70 Am. U. L. Rev. 1937 (2021).

* University of California, Berkeley Law School. Thanks to Shyam Balganesh, Chris Beauchamp, Yochai Benkler, Eric Claeys, Joshua Cohen, Abraham Drassinower, John Duffy, Terry Fisher, Mark Gergen, Wendy Gordon, Justin Hughes, Dimitry Karshtedt, Peter Lee, Mark Lemley, Peter Menell, Rob Merges, Adam Mossoff, Sean O’Connor, Michael Risch, Pam Samuelson, Ted Sichelman, David Simon, James Stern, and participants at the Center for the Protection of Intellectual Property’s 2019 Colloquium on Philosophical Approaches to IP and 2019–2020 Edison workshop, and the 2020 IP Scholars Conference at Stanford Law School, for valuable comments on earlier drafts. Special thanks to Oren Bracha for invaluable conversations and comments on this Article and the larger project of which it is a part.

Abstract

Patent law’s doctrine of ineligible subject matter is widely agreed to be in a bad state of repair. Even those welcoming the Supreme Court’s return to express subject-matter bars have been left disoriented by the Court’s pronouncements in this area. Which subject matter is ineligible, why it is ineligible, and how it might become eligible have all remained enshrouded in mystery.

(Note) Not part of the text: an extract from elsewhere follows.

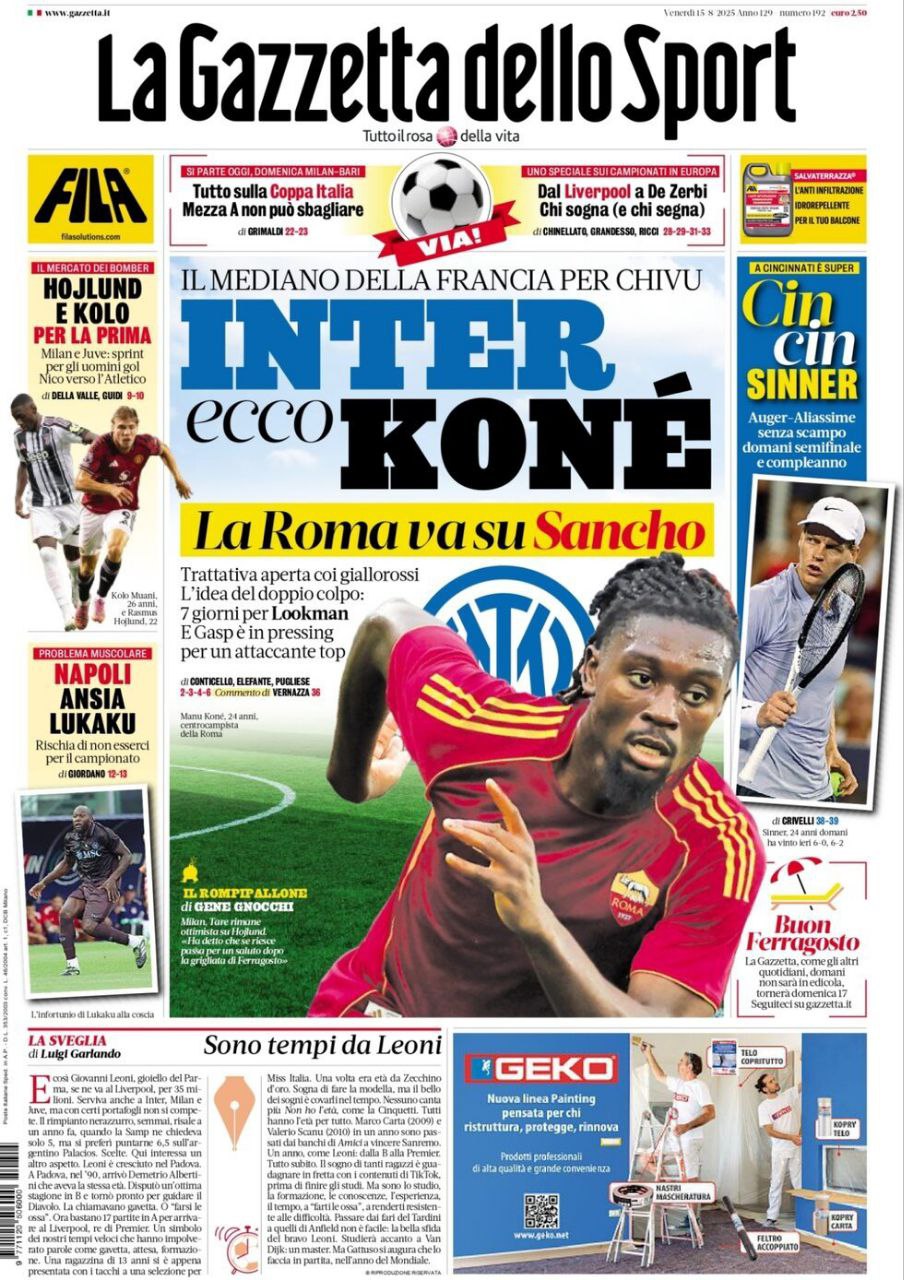 La Gazzetta apre con la sorpresa Koné-Inter e l’affare Roma-Sancho. Spazio alla vittoria di Sinner ed al mercato di Milan e Juventus.

The nub of the problem, this Article contends, is two-fold. First, from its nineteenth-century origins to the present, courts grappling with ineligibility doctrine have remained in the grip of a series of “physicalist” misconceptions of the object of patent rights, and hence of the subject matter claimed in the patents at issue. In a nutshell, courts have not fully internalized that the object of patent rights is always and only an intangible space of “knowledge of” something, and never some “thing” itself. As a result, they have failed to characterize accurately the content of the ineligible subject-matter categories, much less specify why they are ineligible. Removing these physicalist errors dissipates much of the fog in this area. In its wake emerges a second distinct theme of ineligibility case law: the intimation by the courts of a set of embryonic “functionality” concerns, which seek to restrict patents to zones of applied rather than basic knowledge. But these concerns have remained inchoate, owing to their entanglement in a physicalist web. Thus, reconstructing eligibility doctrine requires extricating incipient functionality concerns from the physicalist thicket, developing their independent policy bases, and finally, properly following through on their doctrinal implications.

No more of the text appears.